15 Responses to “Good Superhero Comics: Week of March 21”

  1. Blake Says:

    Thanks for doing these reviews. I know you don’t like most superhero comics, but I enjoy reading about what you do like and why.

    I have also been enjoying the Spirit, and this is probably my favorite issue yet. I really like how the comics are not so much about the Spirit, but about the people he interacts with.

  2. svetlana Says:

    Ohgod, the X-Men one is GORGEOUS O__O Who is the cover artist? I’d love to get a print of this…

  3. svetlana Says:

    …Aha! Never mind–followed link, question answered!

  4. James Schee Says:

    Interesting, there is a trade of the X-Men First Class in the newest Previews I believe. I’d been thinking about it after liking Parker’s Avengers Adventure story.

    Am I slow in just realizing recently that Jeff is the same one who did the amazing Interman book?

    I wish I would have found Cooke’s work before The Spirit started, but only really latched onto it with the Absolute New Frontier. So I’ll have to wait for a collection now for it. (which is fine, I’ll just be anxious for it)

  5. Ray Cornwall Says:

    I sat down this weekend and caught up with Brubaker’s run on X-Men. I was shocked; it’s the first good X-related stuff (other than Peter David’s X-Factor stuff) since Morrison’s run on New X-Men. I highly recommend it.

  6. Paul O'Brien Says:

    “I think this title was meant to “fill in the blanks” around previously published stories…”

    Well, yes, up to a point. Actually, Parker’s just dotting back and forwards all over the Silver Age – this story would have to take place somewhere around issue #13 or so, while a few months back we had a sequel to issue #33. And there are some things, like the Coffee-a-Go-Go, that he’s been revising drastically to bring them up to date. But frankly, there was almost no forward progression during the Silver Age X-Men (at least before they killed off Professor X), so he can get away with that sort of thing.

  7. Chad Anderson Says:

    James, you’re in luck. “Ego and Other Tales” is a TPB coming out in June, collecting several Catwoman and Batman tales by Cooke. It includes Selina’s Big Score, which is one of my favorites.

  8. Johanna Says:

    It’s actually Batman: Ego and Other Tails, get it? ha ha.

  9. Rob Barrett Says:

    I personally thought that this month’s Marvel Adventures: The Avengers was actually funnier than the all-MODOC issue–a noteworthy achievement.

    It’s also worth noting that X-Men: First Class will become an ongoing series in June. The Parker goodness keeps on coming!

  10. Dan Coyle Says:

    First Class sells extremely well at my store, and I assume others too. John Byrne is already bleating over “WHY did they cancel Hidden Years and not this?” Granted, HY was in the black when it was canceled, but I think FC sells quite a bit better than it did.

  11. Tommy Says:

    Maybe i’m in the minority but when I read Spirit #4 I just thought “wow, that was a fun ride” and didn’t really notice it was a “girl saves the day” story. I picked up the first two issues and the Batman crossover on KC’s recommendation and I’ve loved every issue so far. If you didn’t read the new Brave and the Bold I would suggest you do. Supergirl is surprisingly likeable in that story and Hal’s inner monologue made me laugh out loud.

  12. James Schee Says:

    Yeah I have that Batman Ego… on order already for half price at DCBS! I am hoping his Spirit work will be collected soon as well.

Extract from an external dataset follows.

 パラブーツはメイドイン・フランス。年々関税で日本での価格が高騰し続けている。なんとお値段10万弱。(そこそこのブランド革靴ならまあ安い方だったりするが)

  13. Journalista - the news weblog of The Comics Journal » Blog Archive » Mar. 27, 2007: The first draft of history (some revisions may be necessary) Says:

    […] to know if there were any good superhero comics out last week? Johanna Draper Carlson’s got you […]

  14. Johanna Says:

    Dan, John Byrne isn’t even funny any more.

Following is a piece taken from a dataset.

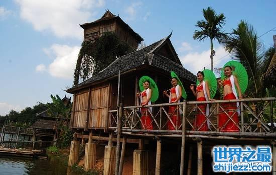 在西双版纳有许多所谓的民俗风情村。比如西双版纳原始森林公园,就有一个爱伲部落。游客进入村寨以后,打扮得花枝招展的少女将游人热情地迎进二层竹楼,参观其民居。一名女子稍作介绍,一摆手,进来好几位女孩,不由分说把一个小葫芦样的幸运符戴到男士的脖子上,然后让你一起参加所谓的抢亲游戏。“婚礼”的一个重头戏,是“送入洞房”。不要以为洞房里真有那好事,可怜的、无辜的“新郎”都在那乖乖交钱呢。进了洞房,女孩就伸手向你要做嫁妆的钱。

    Tommy, glad to hear you’re enjoying them! I did flip through Brave & the Bold, but I was conflicted about it. I was surprised that I had a hard time figuring out what was happening in certain sequences.

    James, I’m sure there will be a Spirit collection at some point.

  15. Dan Coyle Says:

    B and the B #2 was very hard to look at.

    Although this is the least bitter and most accessible Waid’s writing has been since 2000.